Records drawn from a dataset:
--- START ---
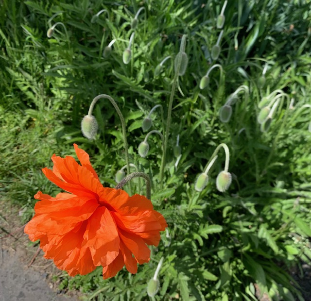 Blooming around the house and on the street this week we have pops of orange color. Sneezeweed is growing against the foundation.
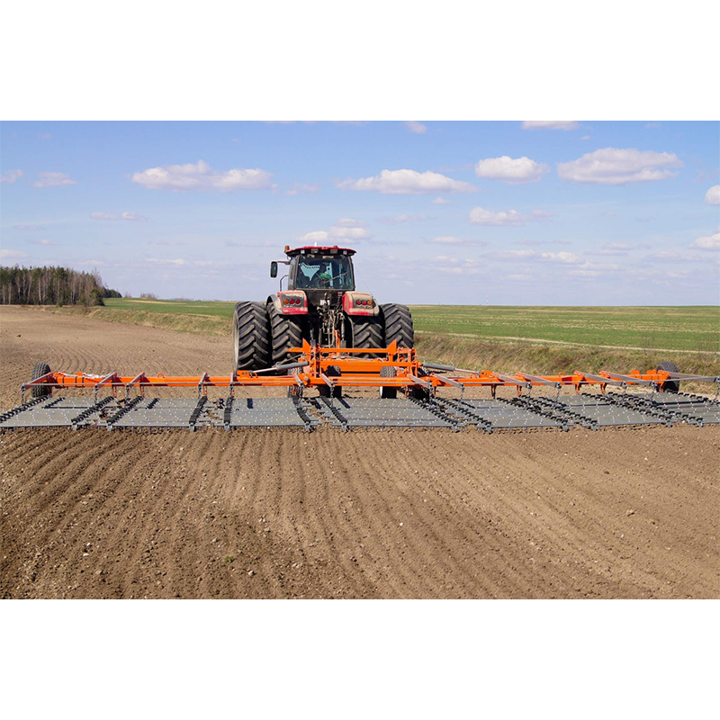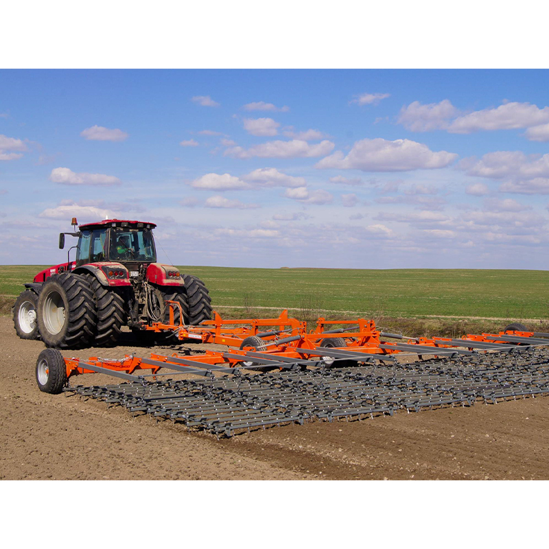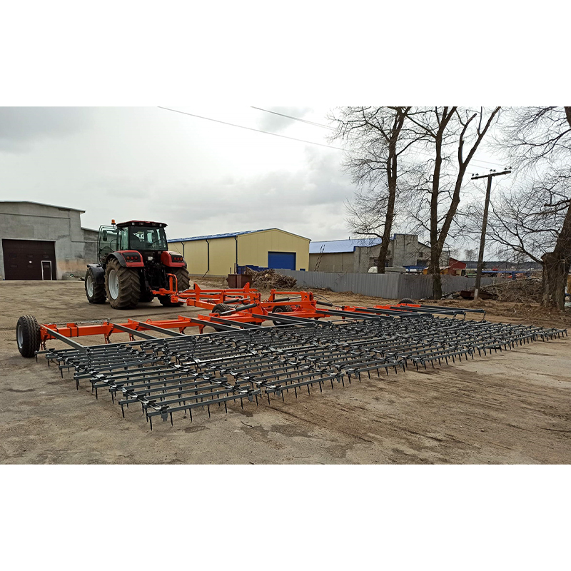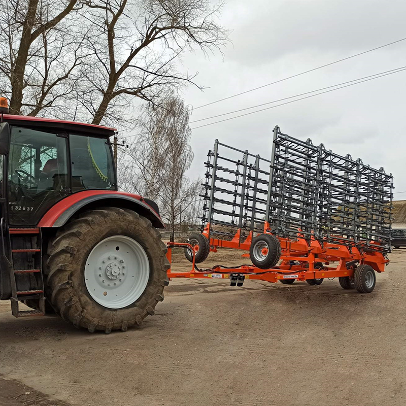 Борона оснащена 816 ромбовидными зубьями из стали, расположенными в 7 секциях. Высокая производительность, достигающая 9,4-17,7 га/ч, и рабочая скорость от 8 до 15 км/ч делают её незаменимым помощником в сельском хозяйстве. Конструкция бороны включает зубья с углом наклона к поверхности почвы 68 и 44 градуса, что обеспечивает эффективное рыхление и выравнивание почвы.
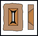 Loop-holes were small openings cut into building walls and stockades or formed from sand-bags and other resistant material along the superior slopes of parapets that allowed troops to fire while under cover. Loop-holes were usually splayed inward to allow troops to point their muskets in all directions. | ||
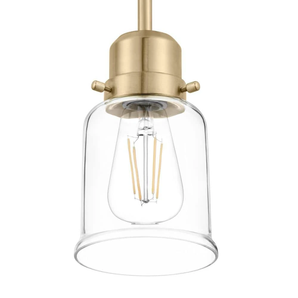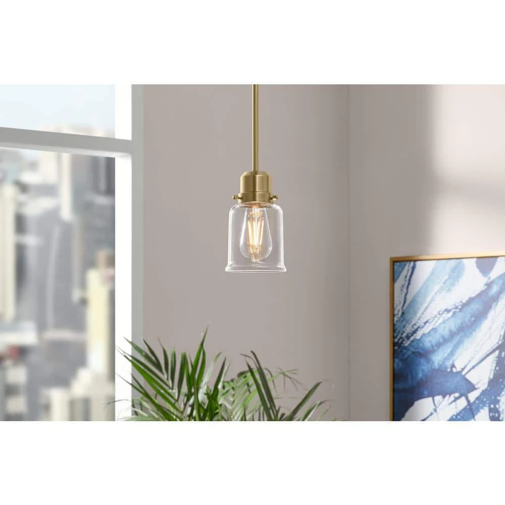 This 1-light mini-pendant light gives any living space a modern, luxurious touch. Minimalist and extremely on-trend, its clean upscale design features a brass finish accented by unique socket cups and clear globe shades. Whether your decor is modern, farmhouse or even industrial it will blend seamlessly in any room. A unique design with timeless appeal.
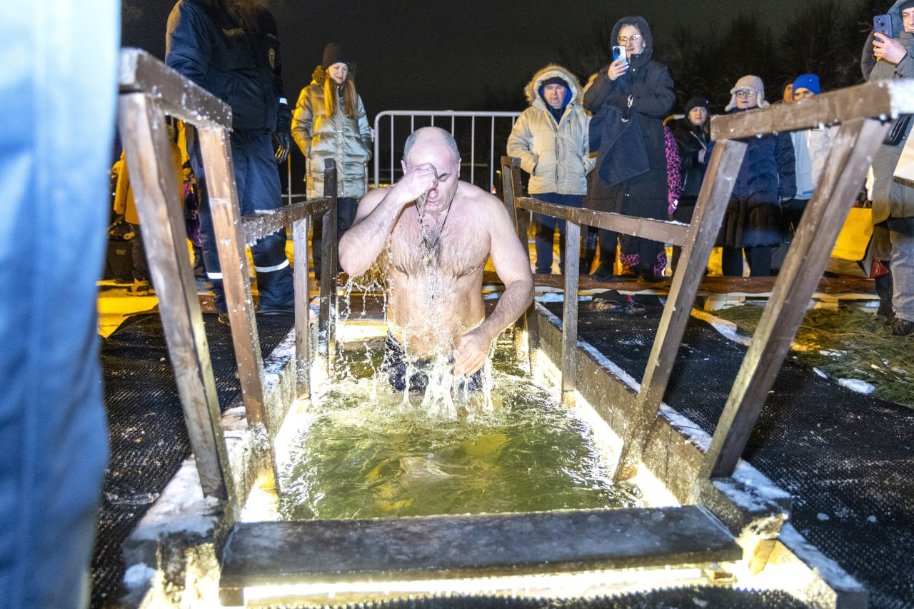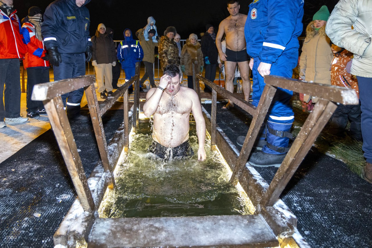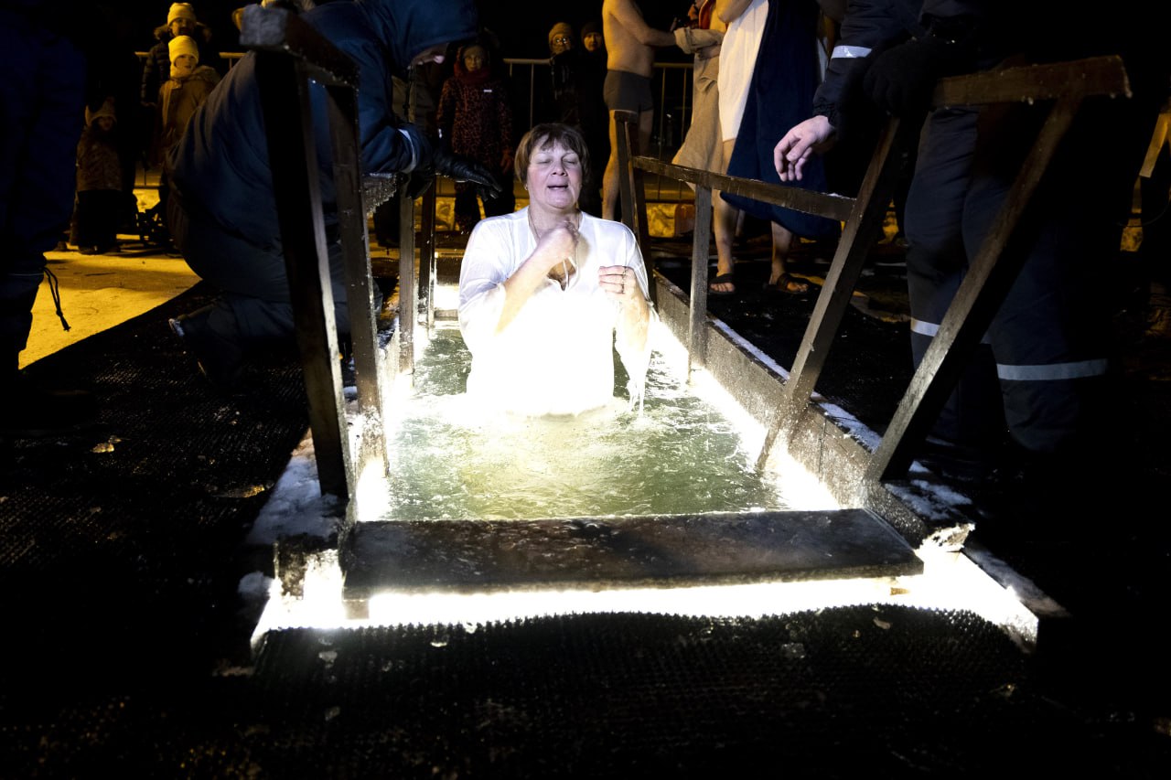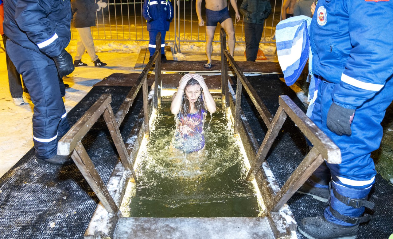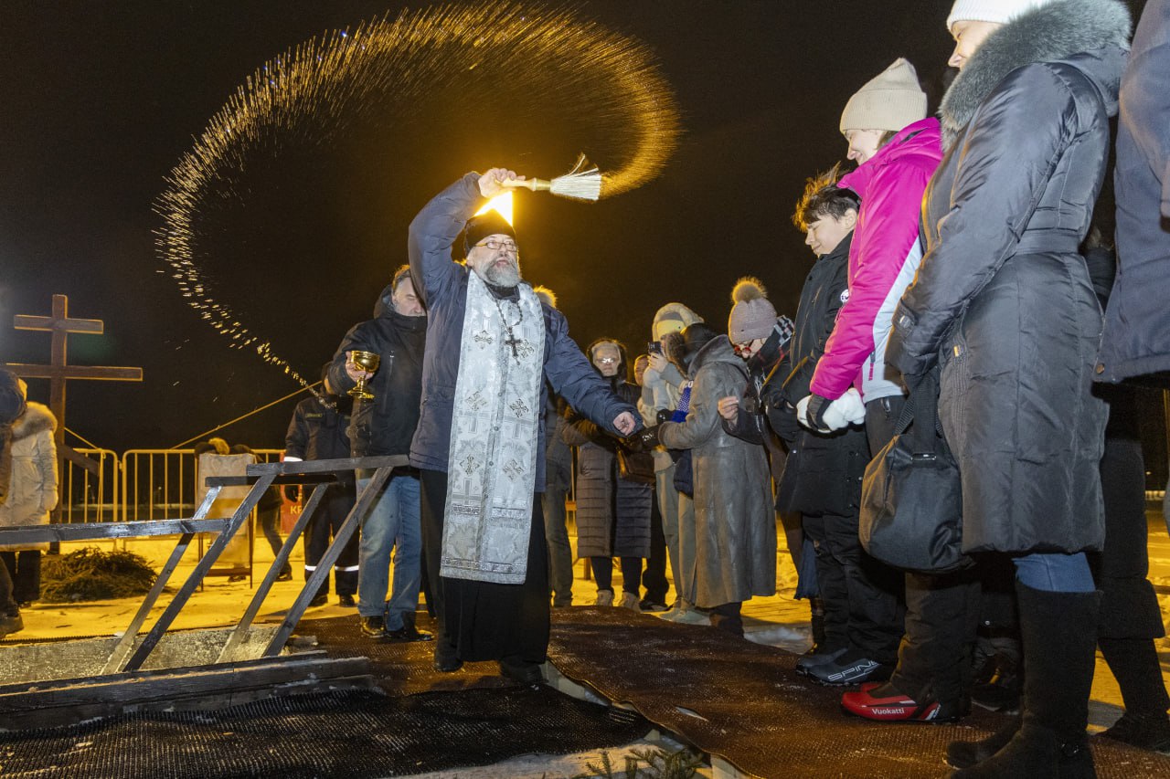 Воду освятили, после чего все желающие смогли окунуться в ледяную купель.
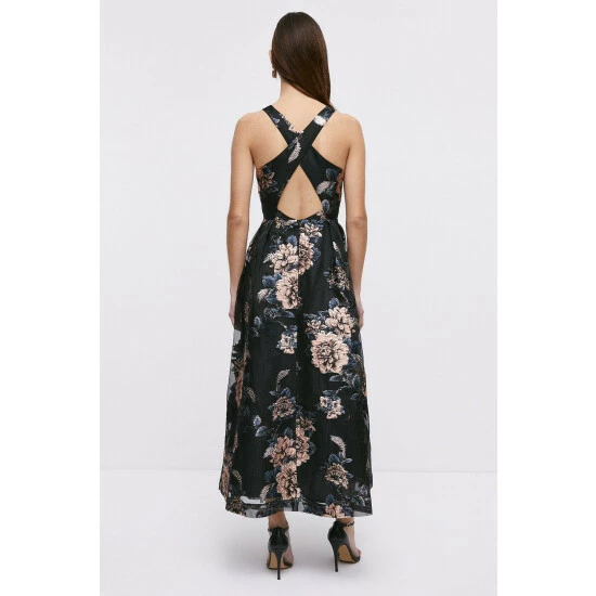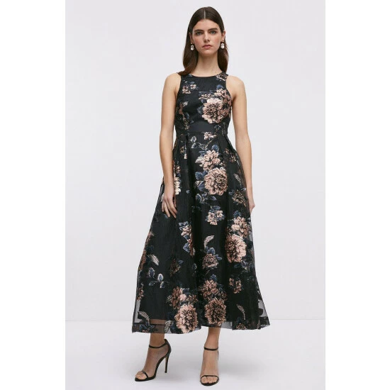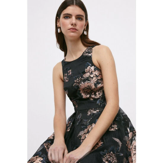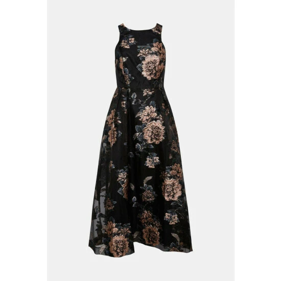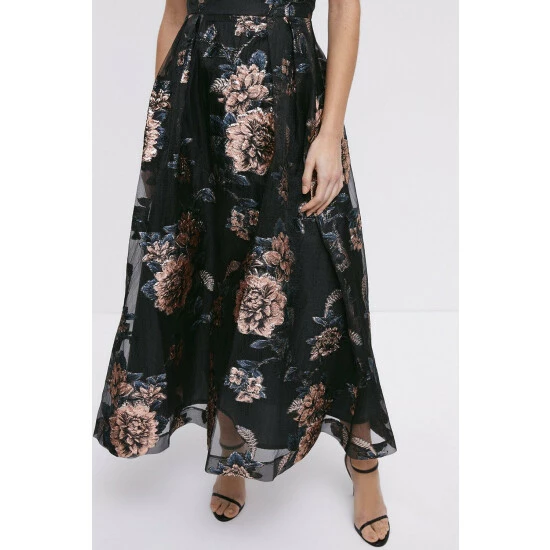Main: 84% Polyester, 16% Metallic Fibre. Lining: 100% Polyester. Dry Clean Only. Length 136cm.
--- END ---
Task prompt: Only the lines from the one containing "Воду освятили, после" through the last line of the entries belong in the answer, given again exactly. Images stay out.

Written response:
 Воду освятили, после чего все желающие смогли окунуться в ледяную купель.
Main: 84% Polyester, 16% Metallic Fibre. Lining: 100% Polyester. Dry Clean Only. Length 136cm.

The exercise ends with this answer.